__Aim of the exercise__:
Range to copy from the entries below: the line containing "قال أبو زرعة: وَقَالَ" through the line containing "教育安博(中国)23学前(中", inclusive. Retype only those lines, exactly, without any images.

__Supplied data__:
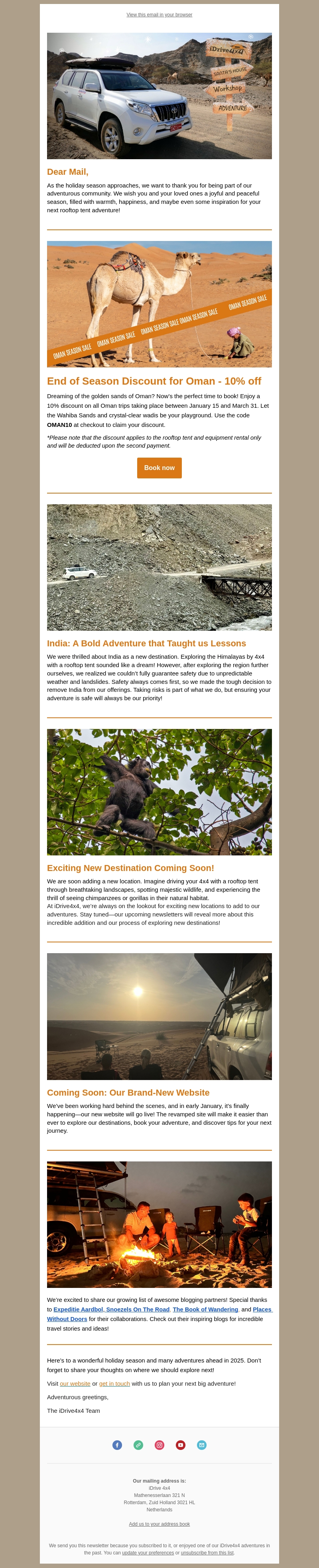 Deze nieuwsbrief brengt je het laatste nieuws van iDrive4x4. Profiteer van 10% korting op reizen naar Oman en ontdek een nieuwe exotische bestemming. Lees over onze avonturen in India en bereid je voor op onze geheel vernieuwde website, die binnenkort wordt gelanceerd. Geniet van de vakantieperiode met onze spannende aanbiedingen.
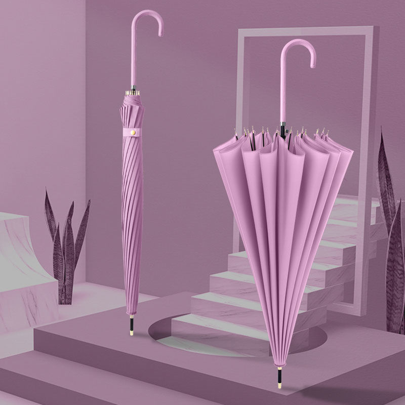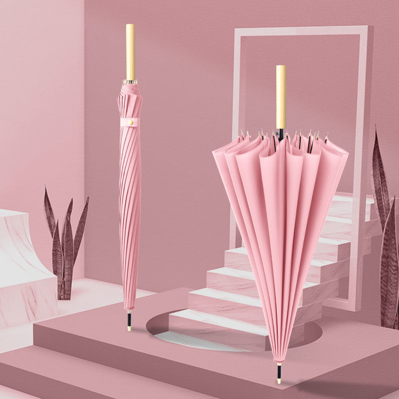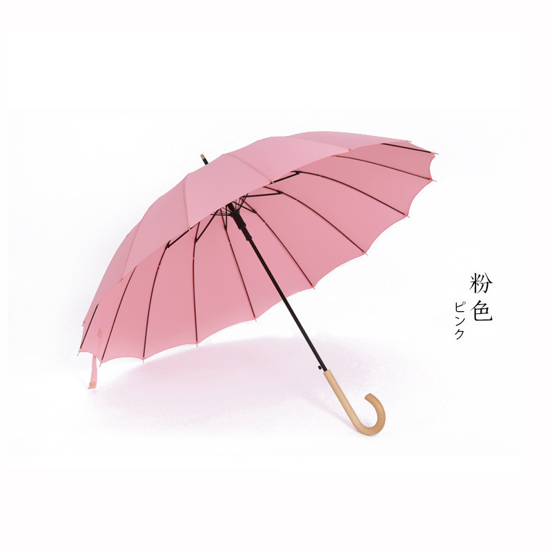 한국 16 뼈 나무 손잡이 작은 신선한 우산 숙녀 단색 긴 손잡이 맑은 우산 인쇄 광고 로고 생성
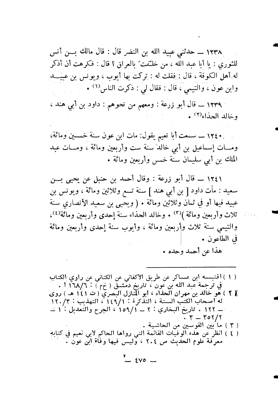 قال أبو زرعة: وَقَالَ أَحْمَدُ بْنُ حَنْبَلٍ عَنْ يَحْيَى بْنِ سَعِيدٍ: مَاتَ دَاوُدُ بْنُ أَبِي هِنْدٍ سَنَةَ تِسْعٍ وَثَلَاثِينَ وَمِائَةٍ، وَيُونُسُ بْنُ عُبَيْدٍ فِيهَا أَوْ فِي ثَمَانٍ وَثَلَاثِينَ وَمِائَةٍ. وَيَحْيَى بْنُ سَعِيدٍ الْأَنْصَارِيُّ سَنَةَ ثَلَاثٍ وَأَرْبَعِينَ وَمِائَةٍ. وَخَالِدٌ الْحَذَّاءُ سَنَةَ إِحْدَى وَأَرْبَعِينَ وَمِائَةٍ، وَالتَّيْمِيُّ سَنَةَ ثَلَاثٍ وَأَرْبَعِينَ وَمِائَةٍ، وَأَيُّوبُ سَنَةَ إِحْدَى وَأَرْبَعِينَ وَمِائَةٍ فِي الطَّاعُونِ.
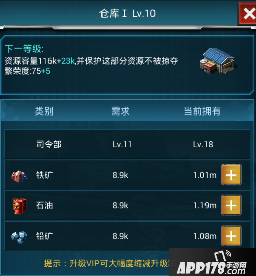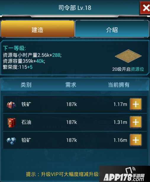 功能:升级司令部可提高5种资源的产量和储存容量,其他建筑等级不能超过司令部等级。
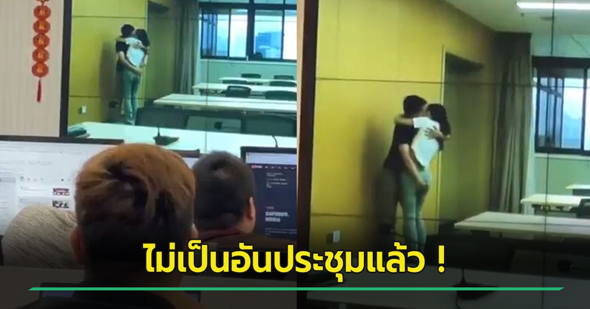 คู่รักเห็นห้องประชุมว่าง แอบเข้ามาเลิฟซีนดูดดื่ม ซีดไม่รู้มีประชุมออนไลน์ เจอพักงาน !
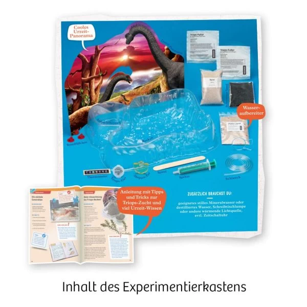 Gigantisch: Diese Triops-Art kann doppelt so groß werden, wie andere Triopse! Das große transparente Becken in diesem KOSMOS Experimentierkasten bietet neben einer Baby-Aufzuchtstation viel Platz zum Schwimmen für die großen Urzeitkrebse. So können Kinder optimal beobachten, wie die Krebse durchs Wasser flitzen, nach Futter suchen oder ihren Panzer wechseln. Im reich bebilderten Anleitungsheft wird nicht nur Schritt für Schritt erklärt, wie die Triopse gezüchtet und gepflegt werden, es warten auch spannende Hintergrundinfos und Versuche, mit denen Kinder das Verhalten der Tiere Tag für Tag erforschen können. Und da Triopse bereits zu Zeiten der Dinosaurier auf unserer Erde lebten, sorgt eine coole Urzeit-Kulisse für die richtige Inszenierung im Kinderzimmer.
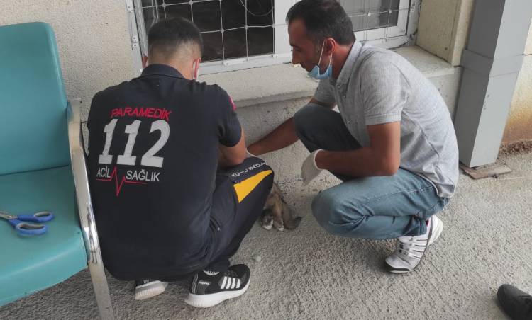 Van'ın Gürpınar İlçesi 112 sağlık çalışanları yolda buldukları yaralı yavru köpeği,Gürpınar Devlet Hastanesi Acil Servisine yetiştirdiler.Burada yaralı köğeğe ilk müdahaleyi Devlet Hastanesi çalışanları ve 112 sağlık çalışanları birlikte yaptı.
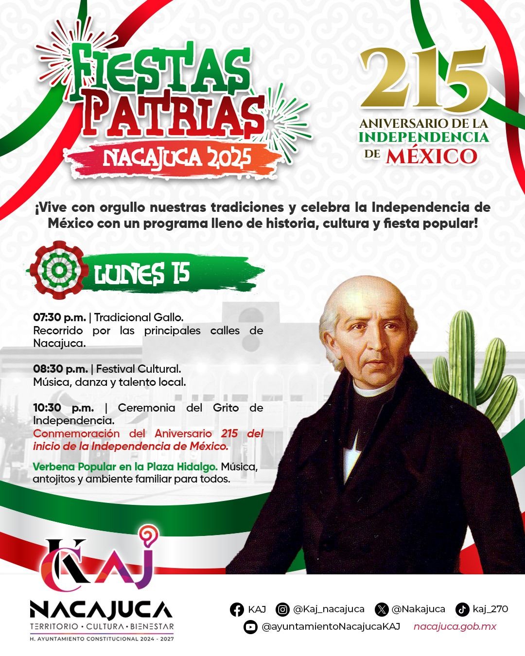 Lunes 15 de septiembre, ¡Vive con orgullo nuestras tradiciones y celebra la independencia de México con un programa lleno de historia, cultura y fiesta popular.
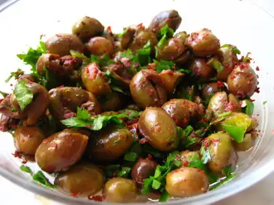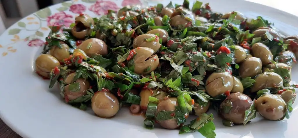 yesıl zeytın salatası yaptın mı hıc hanı ıcıne kuru sogan maydanoz bol lımon cevız pul bıber koydugum ve cekırdegı cıkarılmıs kırma yesıl zeytın koydugum salata ? onu yapıp yemedıysen cok sey kaybedersın
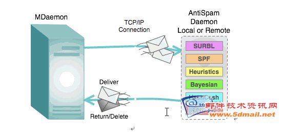 2.      MDaemon9.0中,IMAP服务、内容过滤器、垃圾邮件过滤器、病毒过滤器等在设计上的重大革新和高性能、多线程设计带来了处理速度上的突飞猛进。另外,AntiSpam功能组件从MDaemon9.0开始可以在网络后台单独处理邮件收发,并可以和主程序分离,在另外的服务器上单独运行。(如下图)
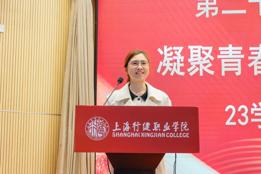 教育安博(中国)23学前(中高贯通)1班邱耿玉同学作为学员代表发言,她以“凝聚青春力量 共担强国使命”为题,结合亲身经历号召同学们共同响应时代召唤,充分发挥模范带头作用,在学习和实践中勇担时代重任,唱响时代强音。最后,仪式在全体团员共唱团歌中落下帷幕。
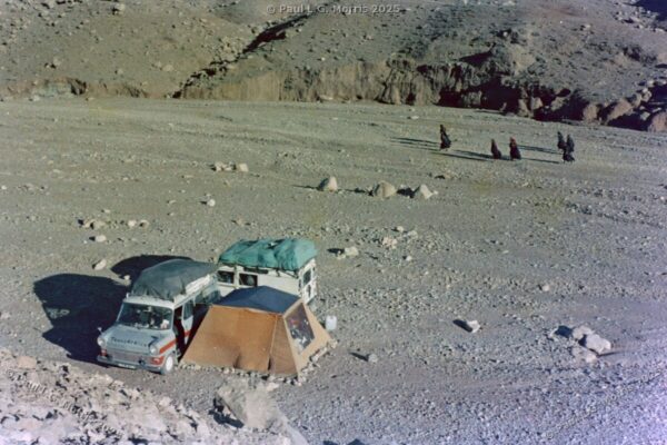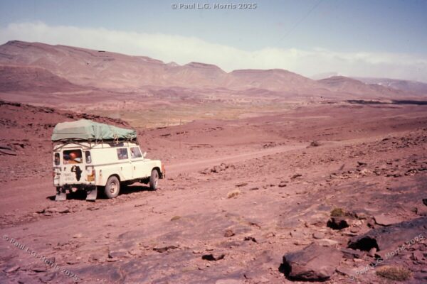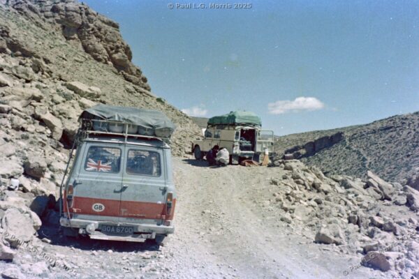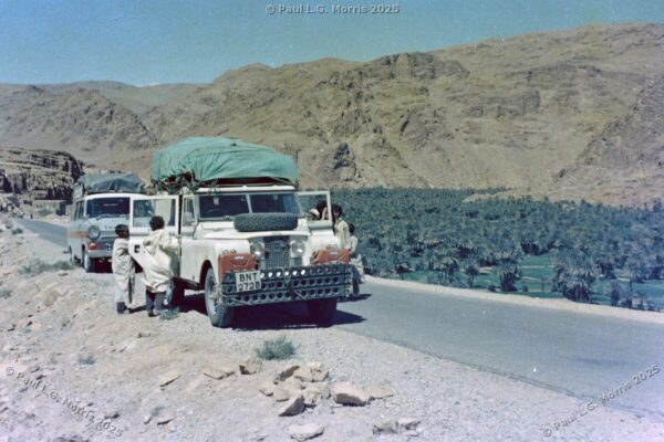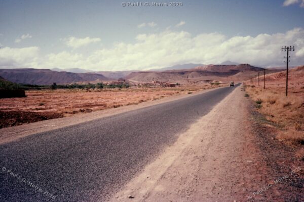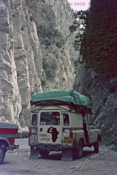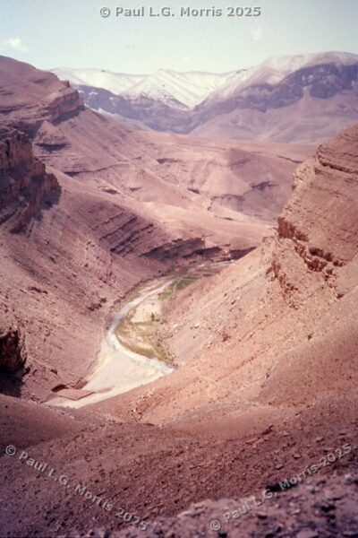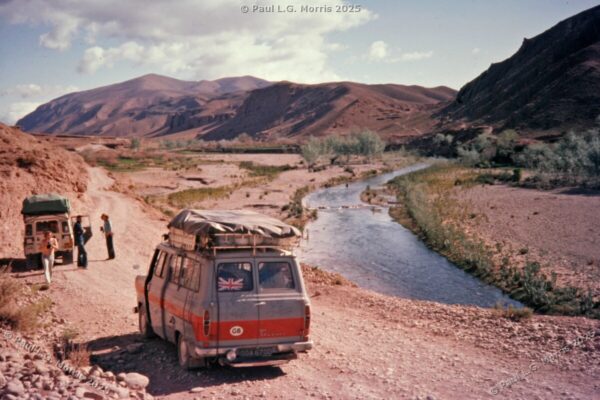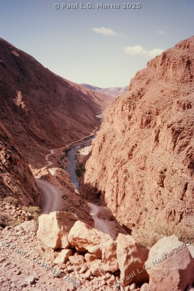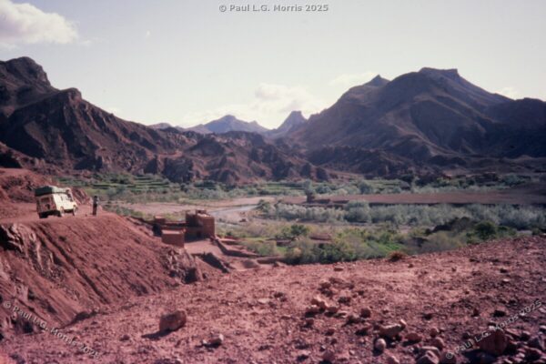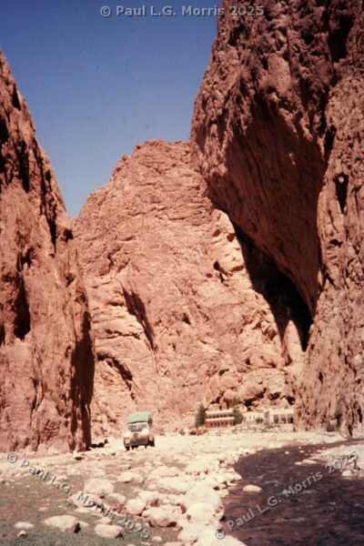 Further up I decided to ride on the roof rack; the views of the gorge were just amazing. For the next photo of Dades Gorge I wrote about it in my post of 31st May 2025 in response to someone posting a very similar, modern view: https://www.pmstudios.co.uk/blog/?p=9495 – this is what gave me the inspiration to write about the trip 50 years ago

__Your response__:
 قال أبو زرعة: وَقَالَ أَحْمَدُ بْنُ حَنْبَلٍ عَنْ يَحْيَى بْنِ سَعِيدٍ: مَاتَ دَاوُدُ بْنُ أَبِي هِنْدٍ سَنَةَ تِسْعٍ وَثَلَاثِينَ وَمِائَةٍ، وَيُونُسُ بْنُ عُبَيْدٍ فِيهَا أَوْ فِي ثَمَانٍ وَثَلَاثِينَ وَمِائَةٍ. وَيَحْيَى بْنُ سَعِيدٍ الْأَنْصَارِيُّ سَنَةَ ثَلَاثٍ وَأَرْبَعِينَ وَمِائَةٍ. وَخَالِدٌ الْحَذَّاءُ سَنَةَ إِحْدَى وَأَرْبَعِينَ وَمِائَةٍ، وَالتَّيْمِيُّ سَنَةَ ثَلَاثٍ وَأَرْبَعِينَ وَمِائَةٍ، وَأَيُّوبُ سَنَةَ إِحْدَى وَأَرْبَعِينَ وَمِائَةٍ فِي الطَّاعُونِ.
 功能:升级司令部可提高5种资源的产量和储存容量,其他建筑等级不能超过司令部等级。
 คู่รักเห็นห้องประชุมว่าง แอบเข้ามาเลิฟซีนดูดดื่ม ซีดไม่รู้มีประชุมออนไลน์ เจอพักงาน !
 Gigantisch: Diese Triops-Art kann doppelt so groß werden, wie andere Triopse! Das große transparente Becken in diesem KOSMOS Experimentierkasten bietet neben einer Baby-Aufzuchtstation viel Platz zum Schwimmen für die großen Urzeitkrebse. So können Kinder optimal beobachten, wie die Krebse durchs Wasser flitzen, nach Futter suchen oder ihren Panzer wechseln. Im reich bebilderten Anleitungsheft wird nicht nur Schritt für Schritt erklärt, wie die Triopse gezüchtet und gepflegt werden, es warten auch spannende Hintergrundinfos und Versuche, mit denen Kinder das Verhalten der Tiere Tag für Tag erforschen können. Und da Triopse bereits zu Zeiten der Dinosaurier auf unserer Erde lebten, sorgt eine coole Urzeit-Kulisse für die richtige Inszenierung im Kinderzimmer.
 Van'ın Gürpınar İlçesi 112 sağlık çalışanları yolda buldukları yaralı yavru köpeği,Gürpınar Devlet Hastanesi Acil Servisine yetiştirdiler.Burada yaralı köğeğe ilk müdahaleyi Devlet Hastanesi çalışanları ve 112 sağlık çalışanları birlikte yaptı.
 Lunes 15 de septiembre, ¡Vive con orgullo nuestras tradiciones y celebra la independencia de México con un programa lleno de historia, cultura y fiesta popular.
 yesıl zeytın salatası yaptın mı hıc hanı ıcıne kuru sogan maydanoz bol lımon cevız pul bıber koydugum ve cekırdegı cıkarılmıs kırma yesıl zeytın koydugum salata ? onu yapıp yemedıysen cok sey kaybedersın
 2.      MDaemon9.0中,IMAP服务、内容过滤器、垃圾邮件过滤器、病毒过滤器等在设计上的重大革新和高性能、多线程设计带来了处理速度上的突飞猛进。另外,AntiSpam功能组件从MDaemon9.0开始可以在网络后台单独处理邮件收发,并可以和主程序分离,在另外的服务器上单独运行。(如下图)
 教育安博(中国)23学前(中高贯通)1班邱耿玉同学作为学员代表发言,她以“凝聚青春力量 共担强国使命”为题,结合亲身经历号召同学们共同响应时代召唤,充分发挥模范带头作用,在学习和实践中勇担时代重任,唱响时代强音。最后,仪式在全体团员共唱团歌中落下帷幕。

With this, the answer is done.